Writer Kwang-young Choi clearly places the blame on islanders. But the ingenuity lies in the way he has created Hae-won against whom we channel all our anger. We find ourselves easily rooting for Kim’s survival or aggression, but at the end we are also able to identify ourselves in Hae-won. Her yearning to break away from the apathy and acceptance of cruelty makes us wonder how different would we have reacted in such a situation. It is such layers that transcend it from being a typical revenge/slasher flick. The inevitable outburst of Kim and the transition to horror territory is effectively made. The transformation scene was staged brilliantly. Kim stands still in the field gazing at the bright sun, after working herself to the point of exhaustion. The luminous shot ironically points at the turn towards darkness and the change is confirmed when she announces that the sun spoke to her. The mad aggression in the end remains more than a mere payoff sequences. The throat-slitting homicidal rampage is showcased with an omnipresent brutality and so not played for kicks as in typical slasher flicks. There’s a clear symbolism in the manner Kim uses sickle and all the tools of servitude to fulfill her vengeance. Director Jang riddles the narrative with such overt symbolism, but the most gorgeous one is the final ‘dissolve’: sad Hae-won lies down on the apartment floor and it slowly transitions to an island, in the shape of woman, lying down. Hae-won’s final gesture may be considered as shot at redemption and hope. But, the very last ‘dissolve’ how the ‘island’ will always be a part of her (I also feel that death would be a very easy way out for Hae-won’s sins). Or may be on a grander scale, that particular shot is a metaphor for our isolated society; selfish and indifferent forever. To say that, Yeong-hie Seo gives a hard-hitting performance would be an understatement.
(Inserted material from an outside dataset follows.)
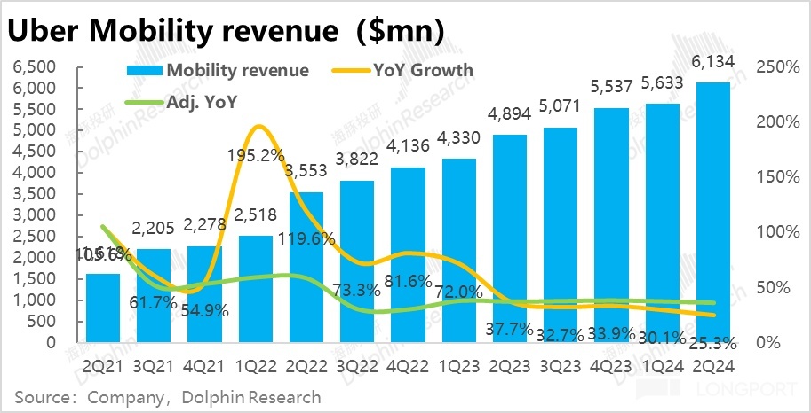 In terms of the key indicator reflecting the actual operating conditions, Gross Transaction Value (GTV), the cornerstone ride-hailing (Mobility) business recorded an order amount of approximately 20.6 billion this quarter, slightly exceeding expectations by 1%. The year-on-year growth rate is 22.9%, seemingly continuing to slow down by 1.7 percentage points compared to the previous quarter , but in reality, after excluding the drag from the appreciation of the U.S. dollar, the growth rate under constant exchange rates is 27%, showing an increase of 1 percentage point compared to the previous period.

First of all, she is immensely brave to play such an emotionally draining character (the script didn’t get made because many Korean actresses rejected the role of Kim). Her smiling demeanor, in the face of unspeakable abuses and bizarre attempts to shut out the horrific realities around her was gut-wrenching to watch.
“Bedevilled” (115 minutes) is one of the most unnerving and emotionally distressing Korean feature-film. It finely juxtaposes the polarizing elements: layered profundity and brutal slashing; strikingly beautiful scenery and darkest crevices of the society.